At Tuesday’s meeting, advocates with Horry County Rising, many of whose homes have flooded during past storms, urged County Council members to pass the updated ordinance.

“It’s difficult to talk about the physical and financial devastation of flooding,” said Kevin Mishoe, a resident of the Bucksport community. “We pray and hope that our council will (support this ordinance).”

Ultimately, the council voted to pass the ordinance unanimously, clearing the path for the ordinance to win a final approval in two weeks.

Council member Johnny Vaught proposed lowering the freeboard requirement from three feet to two feet, but no other council members took him up on that proposal. Council member Tyler Servant, who wasn’t at the meeting, sent a message asking that county staff provide an amendment to the ordinance that would ensure business owners weren’t harmed by the stricter regulations.

Ahead of their vote, O’Leary thanked council members.

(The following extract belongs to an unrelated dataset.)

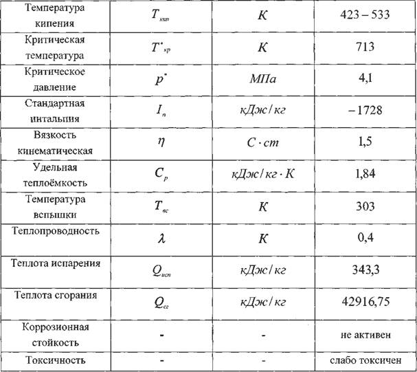 Таблица 1.2 – Основные характеристики горючего - керосина

“It is going to provide some of the best flood prevention in South Carolina,” she said.

A long road to Tuesday

Upgrading the county’s building standards to match flood waters has been a long process, O’Leary and others said. O’Leary said she began working more diligently on flooding and building issues after her family was displaced from their home for a year after Hurricane Florence. That’s when she started Horry County Rising, a group that’s done community organizing to direct political pressure on local leaders to better respond to storms and flooding.

In December, O’Leary was named to special commission to study and respond to flooding in the county. By the spring, in addition to other work, the commission had produced a re-write of the county’s flood ordinance.

On Tuesday, O’Leary said it was an important day.

“Flood protection measures ... are really, really important to families that flood, families like myself, and the thousands of families that flood in Horry County, specifically over the last few years,” she said. “So these better protections and measures will really do a better job mitigating damages.”